The lipid composition of the host cell membrane is one of the key determinants of the entry of enveloped viruses into cells. To elucidate the detailed mechanisms behind the cell entry of rubella virus (RuV), one of the enveloped viruses, we searched for host factors involved in such entry by using CRISPR/Cas9 genome-wide knockout screening, and we found sphingomyelin synthase 1 (SMS1), encoded by the gene, as a candidate. RuV growth was strictly suppressed in -knockout cells and was completely recovered by the overexpression of enzymatically active SMS1 and partially recovered by that of SMS2, another member of the SMS family, but not by that of enzymatically inactive SMS1. An entry assay using pseudotyped vesicular stomatitis virus possessing RuV envelope proteins revealed that sphingomyelin generated by SMSs is crucial for at least RuV entry. In -knockout cells, lipid mixing between the RuV envelope membrane and the membrane of host cells occurred, but entry of the RuV genome from the viral particles into the cytoplasm was strongly inhibited. This indicates that sphingomyelin produced by SMSs is essential for the formation of membrane pores after hemifusion occurs during RuV entry. Infection with rubella virus during pregnancy causes congenital rubella syndrome in infants. Despite its importance in public health, the detailed mechanisms of rubella virus cell entry have only recently become somewhat clearer. The E1 protein of rubella virus is classified as a class II fusion protein based on its structural similarity, but it has the unique feature that its activity is dependent on calcium ion binding in the fusion loops. In this study, we found another unique feature, as cellular sphingomyelin plays a critical role in the penetration of the nucleocapsid into the cytoplasm after hemifusion by rubella virus. This provides important insight into the entry mechanism of rubella virus.
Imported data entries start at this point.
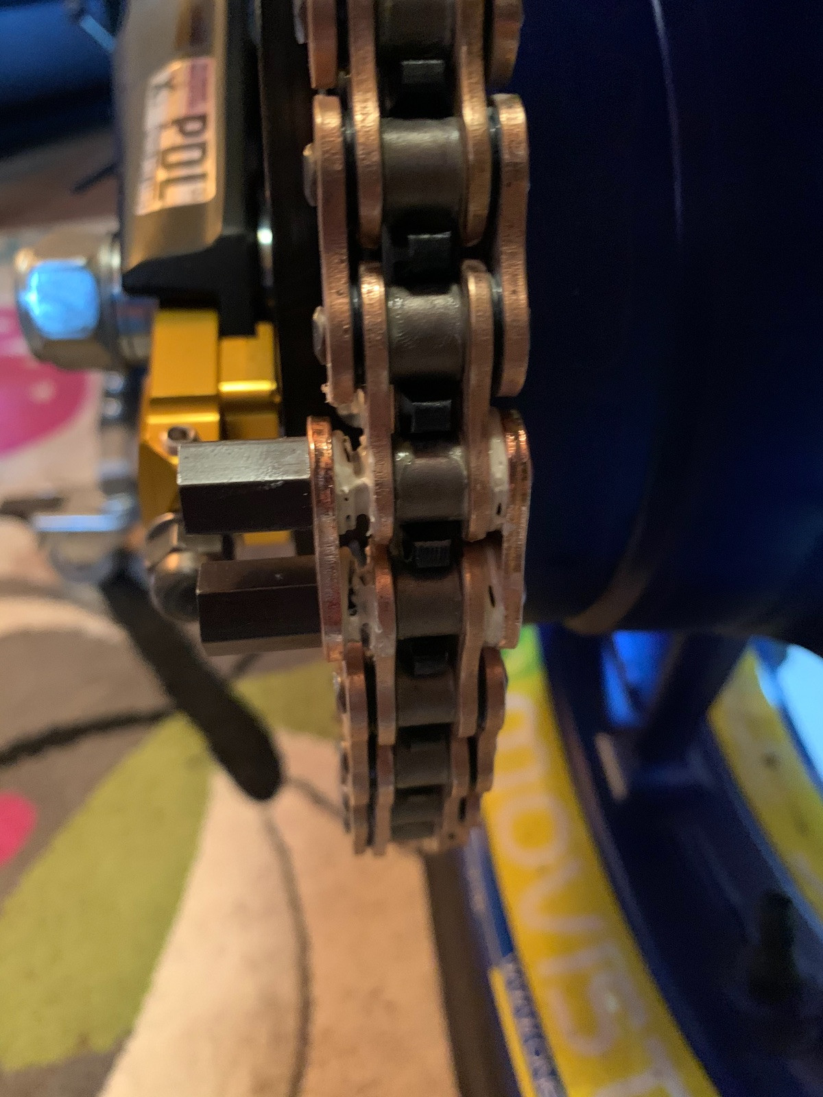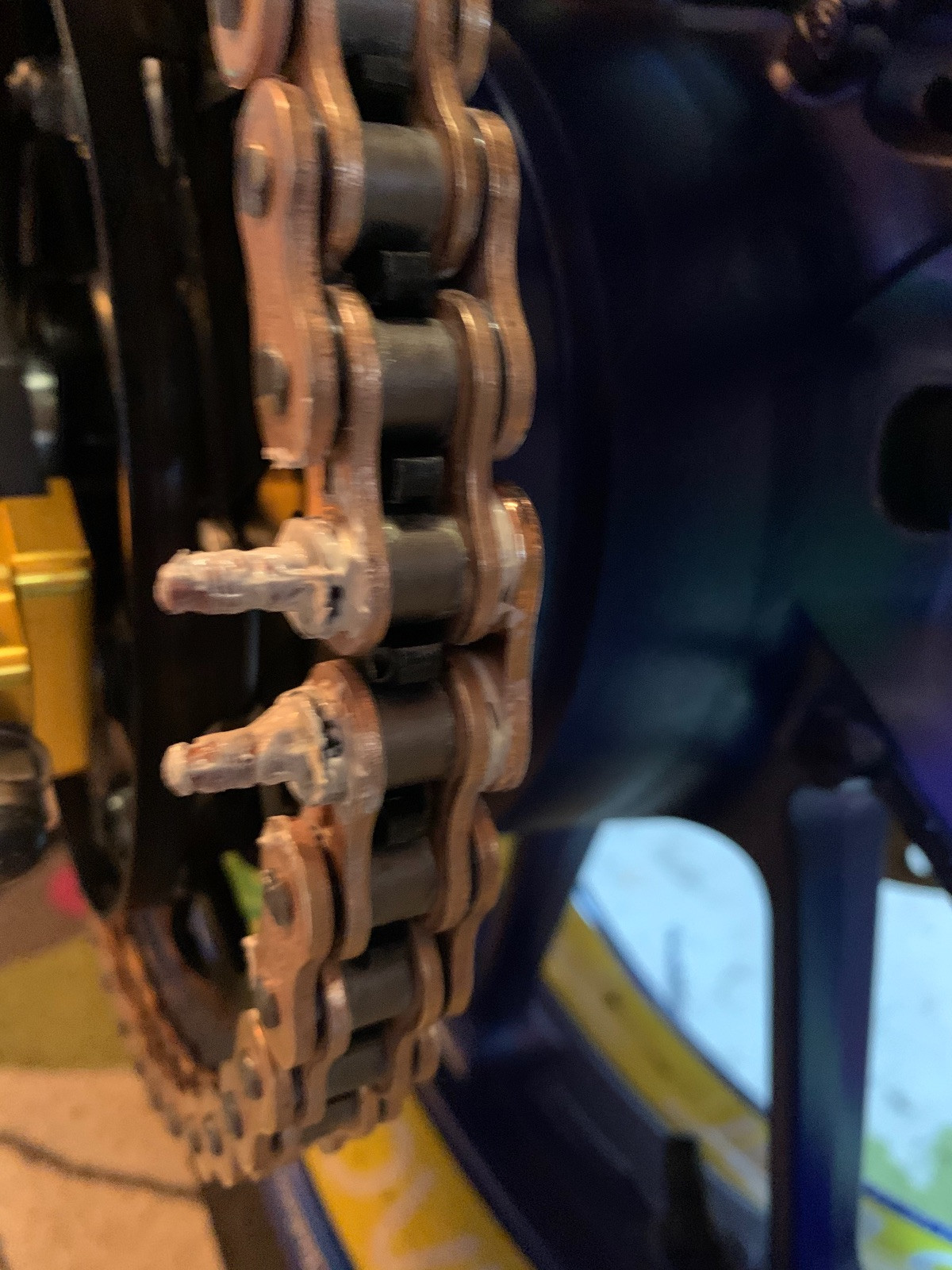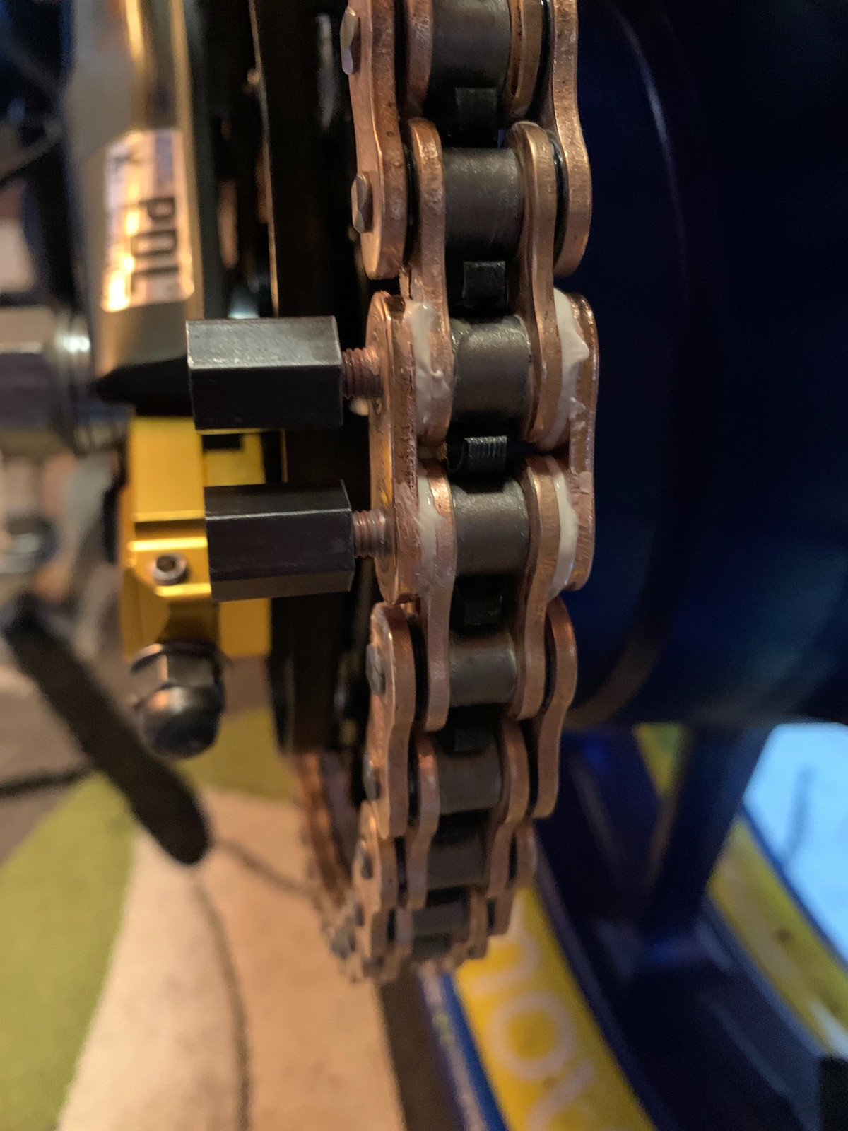 Die Muttern werden zum Schluss durch eine Sollbruchstelle weggebrochen. Durch das verschrauben wird das Kettenschloss vernietet.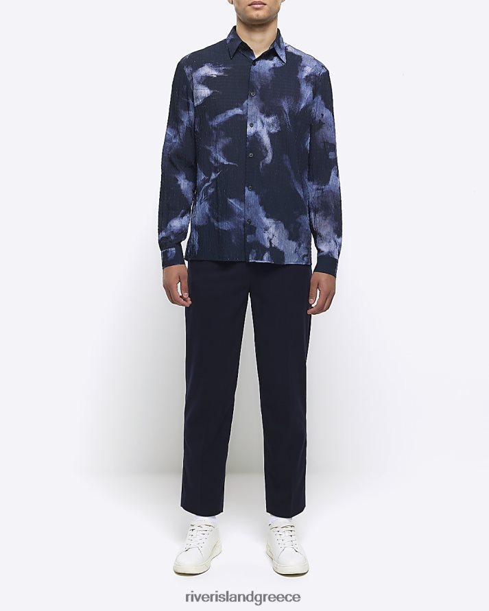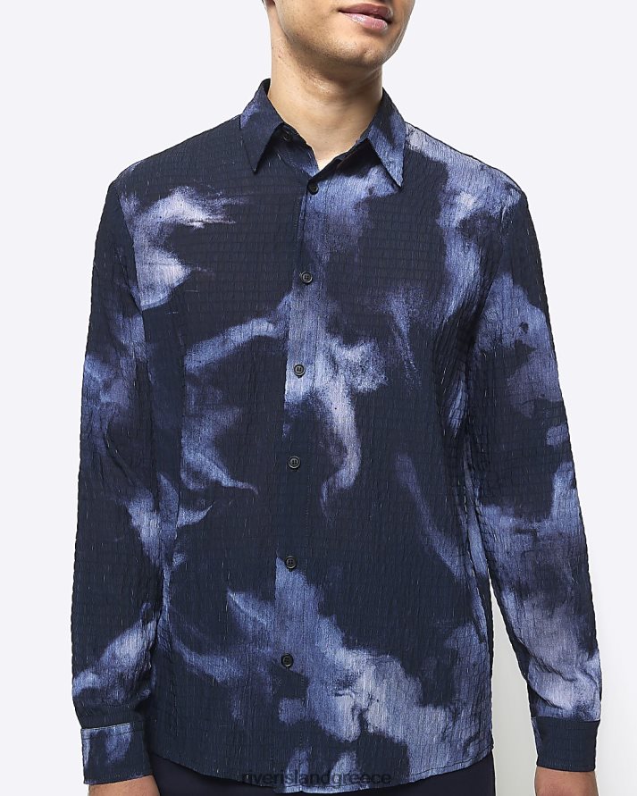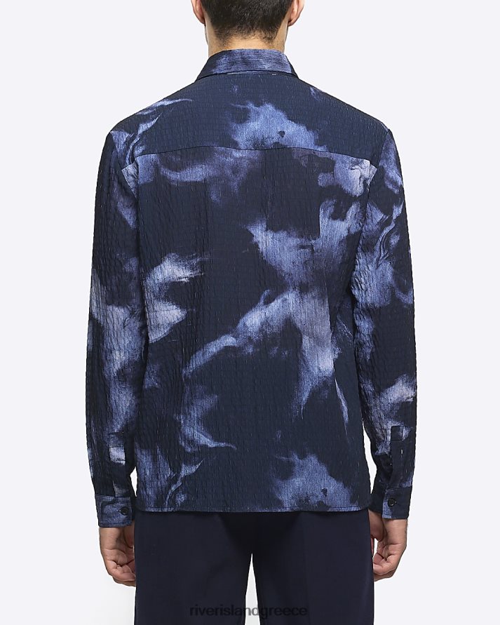 River Island ενδύματα ΠΟΛΕΜΙΚΟ ΝΑΥΤΙΚΟ άνδρες κανονική εφαρμογή ανάγλυφη αφηρημένη πουκάμισο B6N8X5562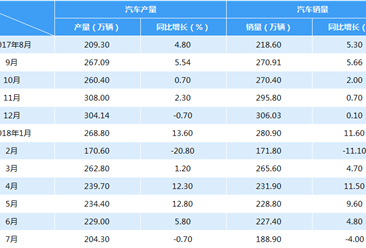 中商情报网讯:据中汽协数据显示,2018年7月,汽车产销环比呈较快下降,同比降幅略低,本月产销率为92.48%,为去年2月以来新低。1-7月,汽车产销继续保持小幅增长,产量增...【详情】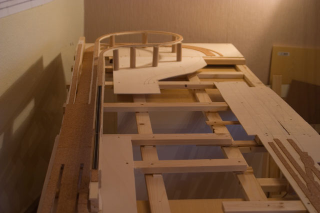 Die Trasse wurde mit einer Sperrholzunterlage (4 mm) durchgeführt. Dabei werden die entsprechenden Steigungs- und Gefällstrecken so moderat (2 %) wie möglich ausgeführt. Damit die Berggleise die nötige Höhe haben, um das Grundgleis zu queren, wird schon mit dem Grundgleis, im hinteren Teil, mit der Steigung begonnen.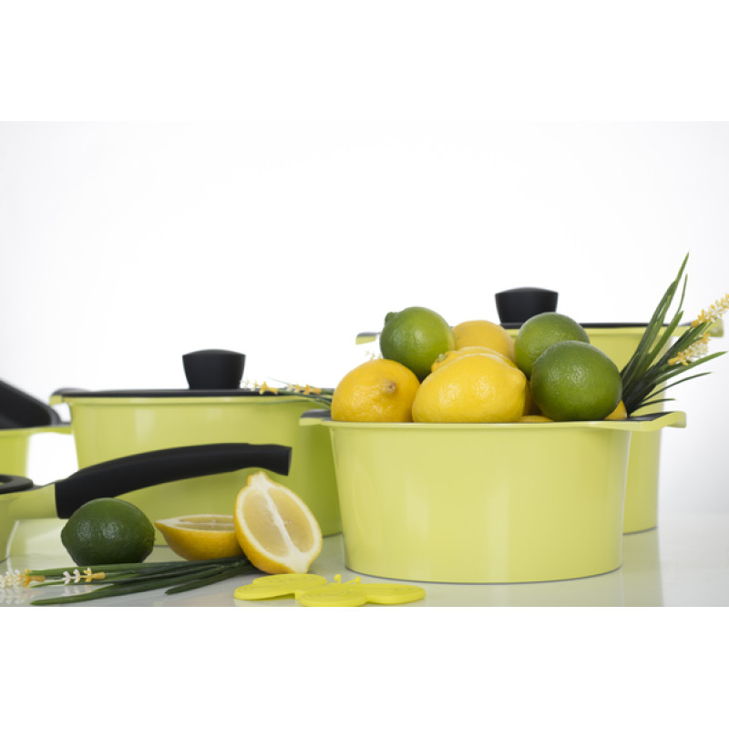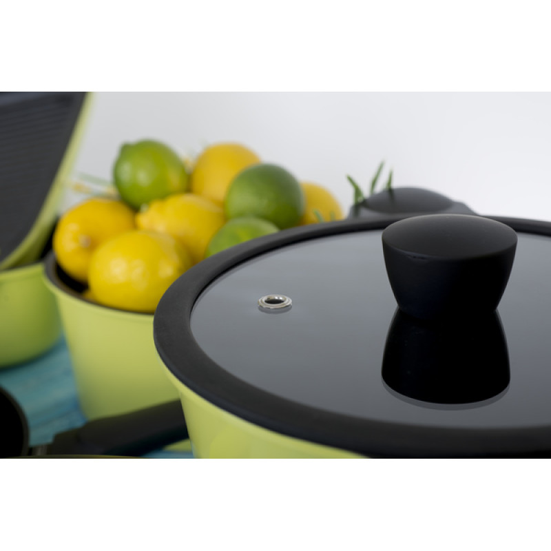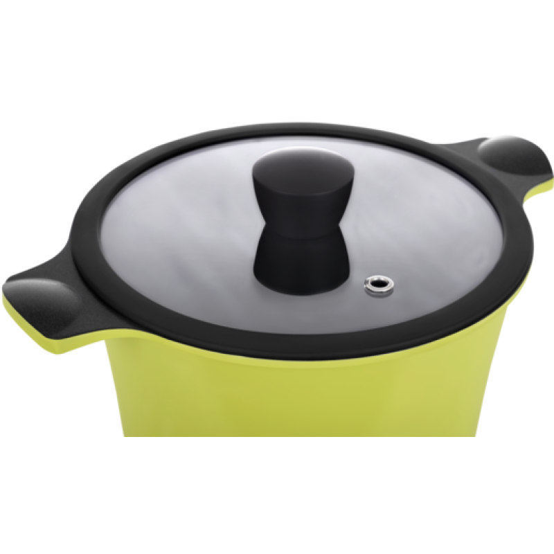 Приємний і стильний вигляд, завдяки емальованому кольоровому покриттю, алюмінієвої каструлі серії Zitrone від Ringel перетворює її на справжню прикрасу будь-якої кухні. Крім того, вдала конструкція даної каструлі робить її використання максимально зручним завдяки зручним ручкам, а також кришці з термостійкого скла з клапаном для виходу пари. Прозора конструкція дозволяє стежити за приготуванням їжі, не знімаючи кришки з каструлі. Силіконовий обідок має додаткові клапани для виведення пари.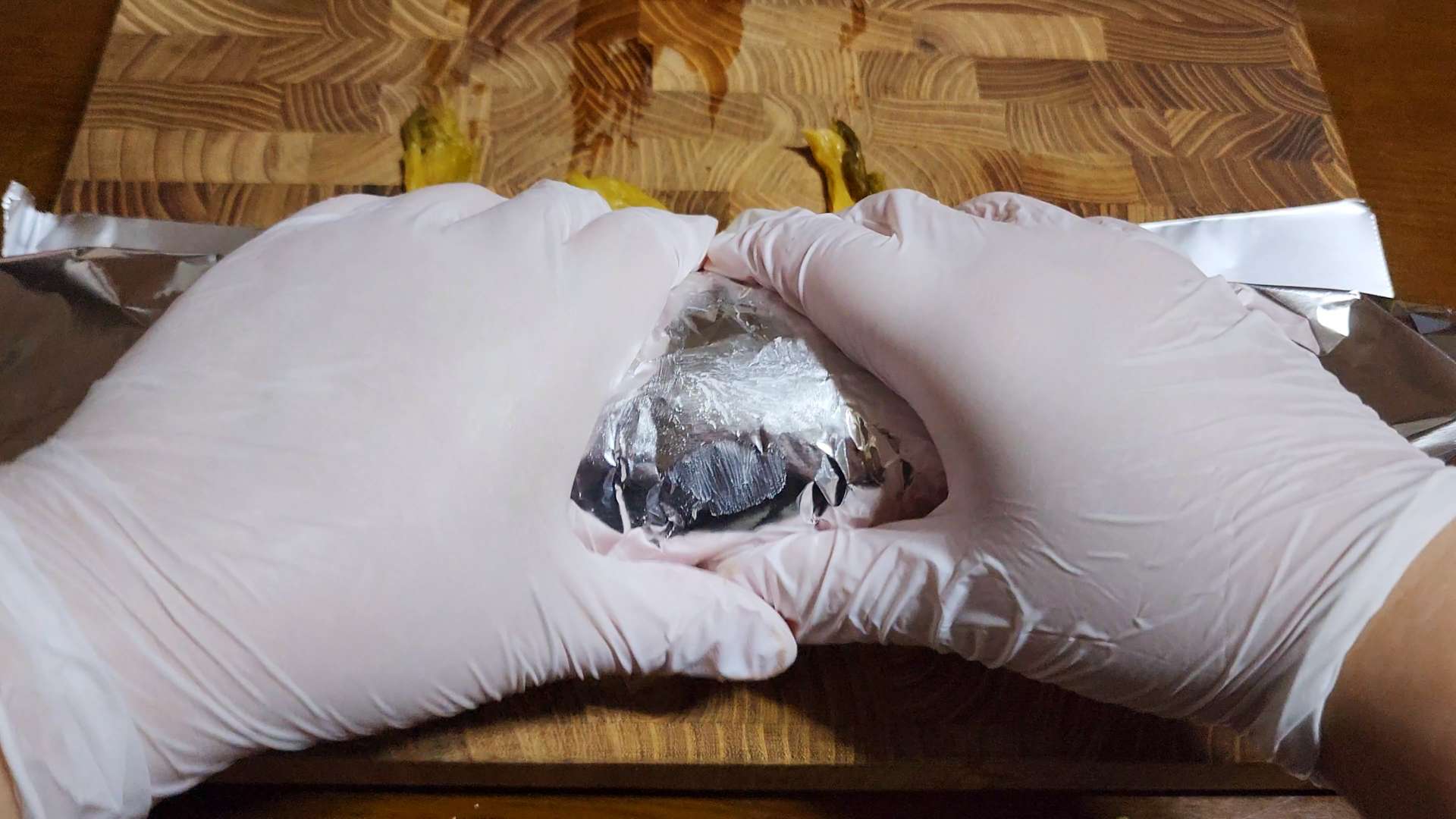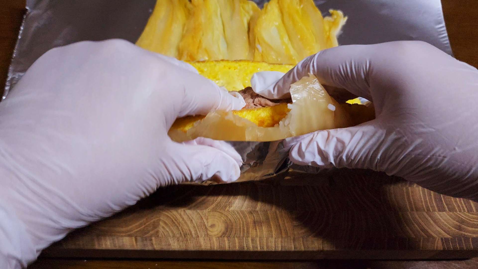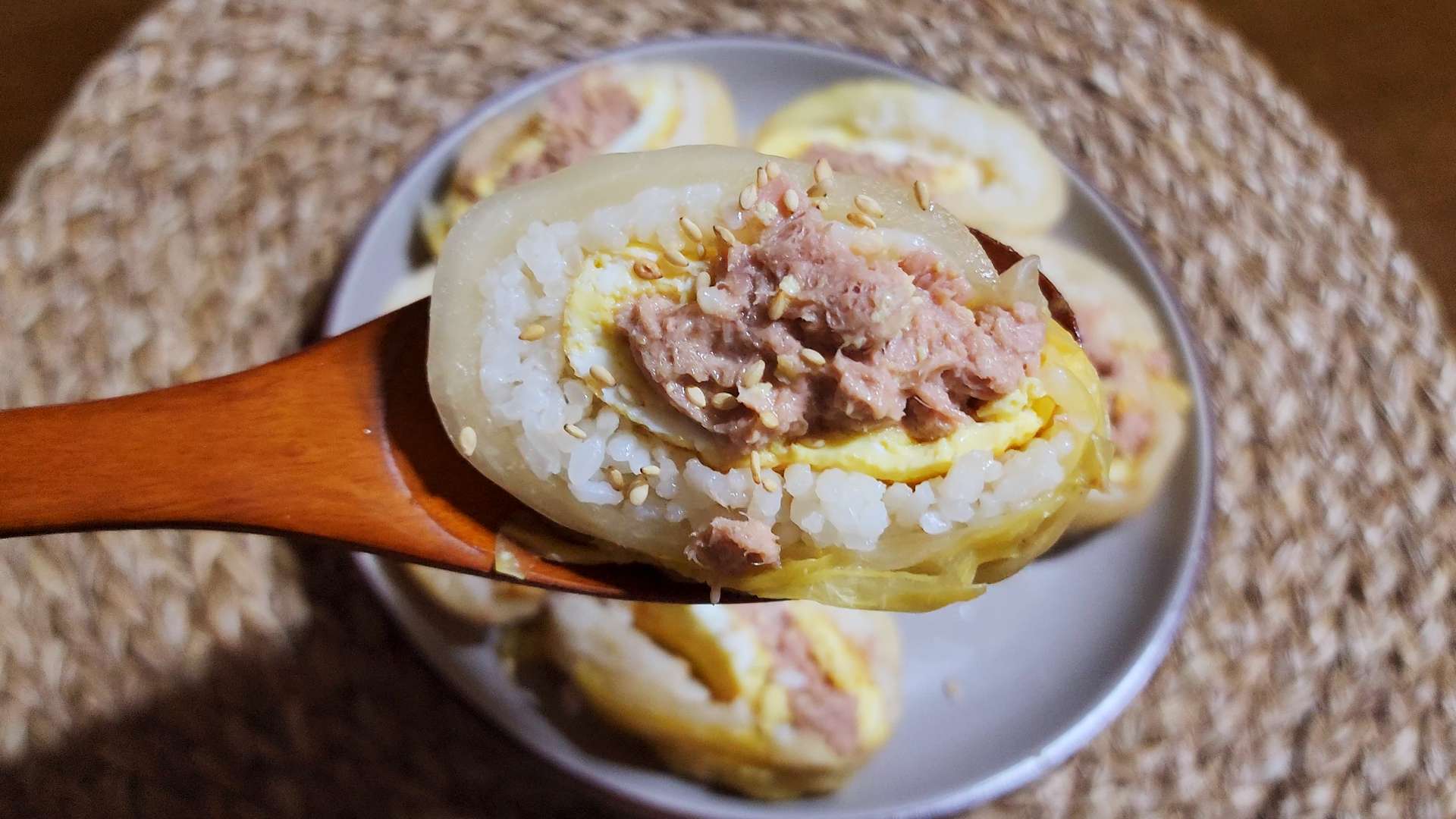 재료: 밥 180g, 참치 150g, 달걀 2개, 배추김치 3장, 마요네즈 1T, 케첩 1/2T, 쿠킹호일, 통깨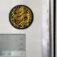 This artwork showcases a captivating engraving of a dragon breathing flames, adorned with intricate gold decorations. The powerful imagery of the dragon symbolises strength, ferocity, and mythical prowess. The golden embellishments add an element of opulence and elevate the dragon's presence. Immerse yourself in the mesmerising world of this artwork and let the dragon's fiery breath ignite your imagination.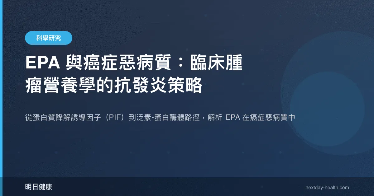 癌症惡病質(cancer cachexia)是一種以進行性骨骼肌消耗為核心特徵的多因子代謝症候群,影響約 50-80% 的晚期癌症患者,並直接導致約 20-30% 的癌症相關死亡(Fearon et al., 2011, PMID: 21296615)。與單純的營養不良不同,惡病質的肌肉流失無法完全透過增加熱量攝取來逆轉——其本質是一種由腫瘤與宿主交互作用驅動的系統性發炎-代謝失調狀態。在此病理框架下,二十碳五烯酸(Eicosapentaenoic Acid, EPA, C20:5n-3)作為一種具有多重抗發炎靶點的 Omega-3 脂肪酸,在臨床腫瘤營養學中受到了廣泛的研究關注。

This study also presents a model of hemifusion arrest during cell entry by an intact virus, providing a useful tool for analyzing membrane fusion, a biologically important phenomenon.
宿主细胞膜的脂质组成是决定包膜病毒进入细胞的关键因素之一。为了阐明风疹病毒(RuV)等包膜病毒进入细胞的详细机制,我们使用 CRISPR/Cas9 全基因组敲除筛选寻找参与该进入过程的宿主因子,发现编码 基因的神经酰胺合成酶 1(SMS1)是候选因子之一。 -敲除细胞中 RuV 的生长受到严格抑制,而过表达具有酶活性的 SMS1 可完全恢复,SMS1 的另一个家族成员 SMS2 部分恢复,但无酶活性的 SMS1 则不能恢复。使用具有 RuV 包膜蛋白的假型水疱性口炎病毒进行的进入试验表明,SMS 产生的神经酰胺对于至少 RuV 的进入是至关重要的。在 -敲除细胞中,RuV 包膜与宿主细胞膜之间发生了脂质混合,但病毒粒子中的 RuV 基因组进入细胞质受到强烈抑制。这表明,SMS 产生的神经酰胺是 RuV 进入时发生半融合后形成膜孔所必需的。风疹病毒感染孕妇会导致婴儿先天性风疹综合征。尽管其对公共卫生很重要,但风疹病毒进入细胞的详细机制直到最近才变得更加清楚。风疹病毒的 E1 蛋白根据其结构相似性被归类为 II 类融合蛋白,但它具有独特的特征,即其活性依赖于融合环中的钙离子结合。在这项研究中,我们发现了另一个独特的特征,即细胞神经酰胺在风疹病毒半融合后对核衣壳进入细胞质起关键作用。这为风疹病毒的进入机制提供了重要的见解。该研究还提出了一种完整病毒进入时半融合阻滞模型,为分析膜融合这一重要的生物学现象提供了有用的工具。